### Work to complete
Each entry is to be given again word for word; images are dropped.

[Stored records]
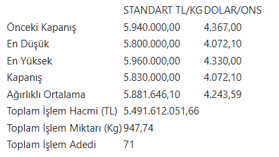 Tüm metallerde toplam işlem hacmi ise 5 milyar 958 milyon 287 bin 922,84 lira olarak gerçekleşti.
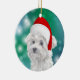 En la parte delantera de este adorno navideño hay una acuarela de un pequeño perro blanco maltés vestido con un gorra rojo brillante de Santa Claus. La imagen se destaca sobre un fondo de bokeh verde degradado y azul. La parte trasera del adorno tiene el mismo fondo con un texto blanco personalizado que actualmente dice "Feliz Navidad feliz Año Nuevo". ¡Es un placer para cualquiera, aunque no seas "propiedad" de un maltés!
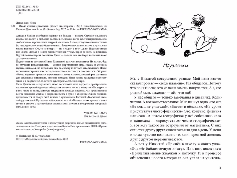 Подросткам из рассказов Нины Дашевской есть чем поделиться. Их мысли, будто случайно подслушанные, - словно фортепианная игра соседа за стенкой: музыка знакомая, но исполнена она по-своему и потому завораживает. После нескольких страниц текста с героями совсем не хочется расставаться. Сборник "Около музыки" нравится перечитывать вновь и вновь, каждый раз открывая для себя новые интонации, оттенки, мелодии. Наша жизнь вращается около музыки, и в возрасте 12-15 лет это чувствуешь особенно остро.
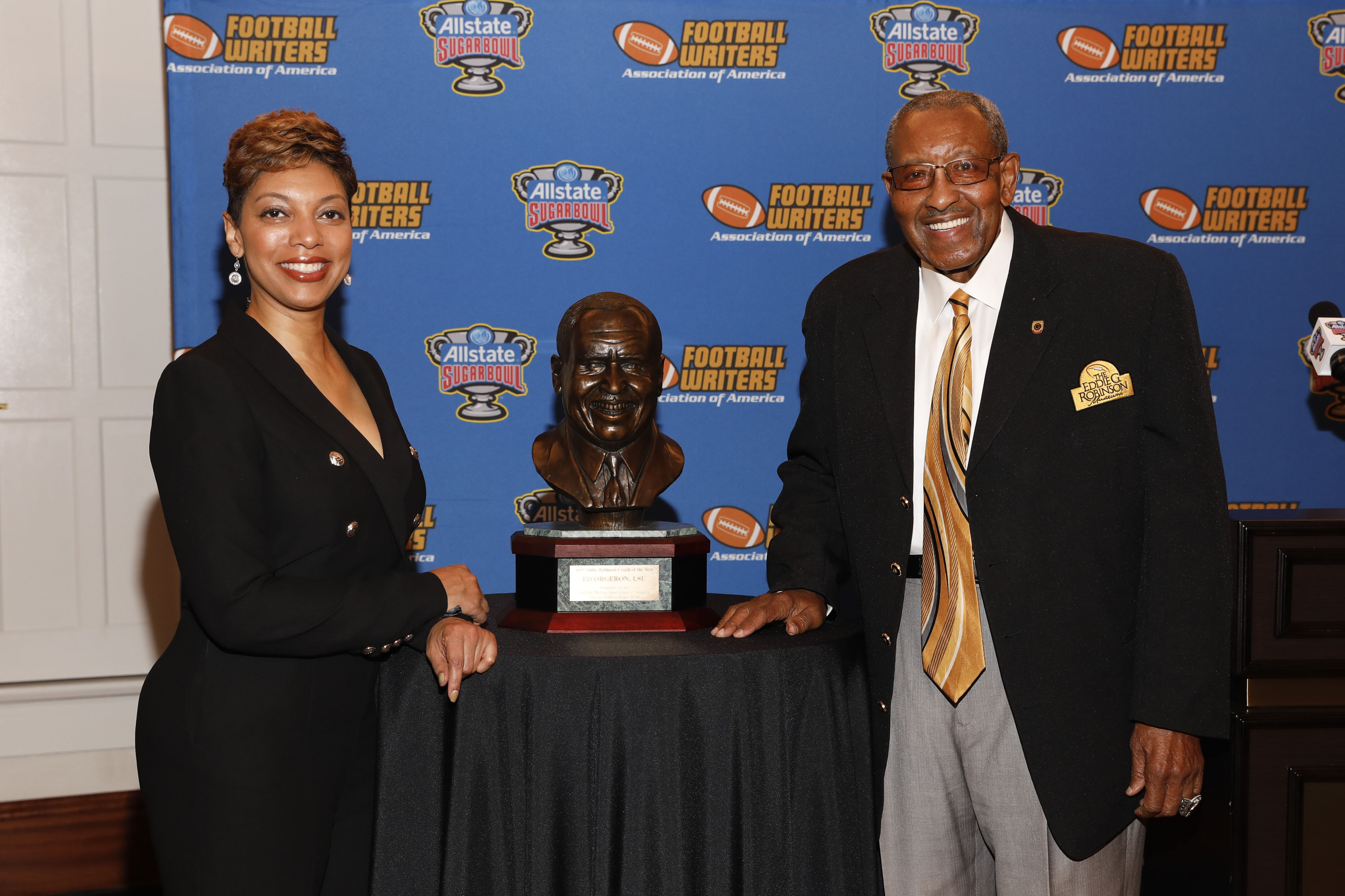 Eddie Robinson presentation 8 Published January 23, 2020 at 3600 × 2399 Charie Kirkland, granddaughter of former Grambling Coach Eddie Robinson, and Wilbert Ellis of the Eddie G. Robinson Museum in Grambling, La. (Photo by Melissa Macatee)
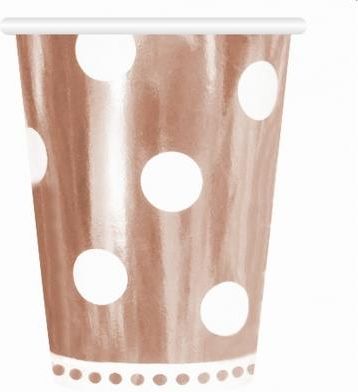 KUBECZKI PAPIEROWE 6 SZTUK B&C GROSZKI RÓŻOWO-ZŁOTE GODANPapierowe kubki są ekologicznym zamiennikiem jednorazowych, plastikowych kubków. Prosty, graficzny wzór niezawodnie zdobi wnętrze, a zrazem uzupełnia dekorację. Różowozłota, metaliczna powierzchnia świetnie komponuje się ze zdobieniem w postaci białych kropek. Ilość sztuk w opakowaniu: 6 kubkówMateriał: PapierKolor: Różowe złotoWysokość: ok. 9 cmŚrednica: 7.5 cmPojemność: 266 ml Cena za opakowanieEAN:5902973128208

### Result of the exercise
 Tüm metallerde toplam işlem hacmi ise 5 milyar 958 milyon 287 bin 922,84 lira olarak gerçekleşti.
 En la parte delantera de este adorno navideño hay una acuarela de un pequeño perro blanco maltés vestido con un gorra rojo brillante de Santa Claus. La imagen se destaca sobre un fondo de bokeh verde degradado y azul. La parte trasera del adorno tiene el mismo fondo con un texto blanco personalizado que actualmente dice "Feliz Navidad feliz Año Nuevo". ¡Es un placer para cualquiera, aunque no seas "propiedad" de un maltés!
 Подросткам из рассказов Нины Дашевской есть чем поделиться. Их мысли, будто случайно подслушанные, - словно фортепианная игра соседа за стенкой: музыка знакомая, но исполнена она по-своему и потому завораживает. После нескольких страниц текста с героями совсем не хочется расставаться. Сборник "Около музыки" нравится перечитывать вновь и вновь, каждый раз открывая для себя новые интонации, оттенки, мелодии. Наша жизнь вращается около музыки, и в возрасте 12-15 лет это чувствуешь особенно остро.
 Eddie Robinson presentation 8 Published January 23, 2020 at 3600 × 2399 Charie Kirkland, granddaughter of former Grambling Coach Eddie Robinson, and Wilbert Ellis of the Eddie G. Robinson Museum in Grambling, La. (Photo by Melissa Macatee)
 KUBECZKI PAPIEROWE 6 SZTUK B&C GROSZKI RÓŻOWO-ZŁOTE GODANPapierowe kubki są ekologicznym zamiennikiem jednorazowych, plastikowych kubków. Prosty, graficzny wzór niezawodnie zdobi wnętrze, a zrazem uzupełnia dekorację. Różowozłota, metaliczna powierzchnia świetnie komponuje się ze zdobieniem w postaci białych kropek. Ilość sztuk w opakowaniu: 6 kubkówMateriał: PapierKolor: Różowe złotoWysokość: ok. 9 cmŚrednica: 7.5 cmPojemność: 266 ml Cena za opakowanieEAN:5902973128208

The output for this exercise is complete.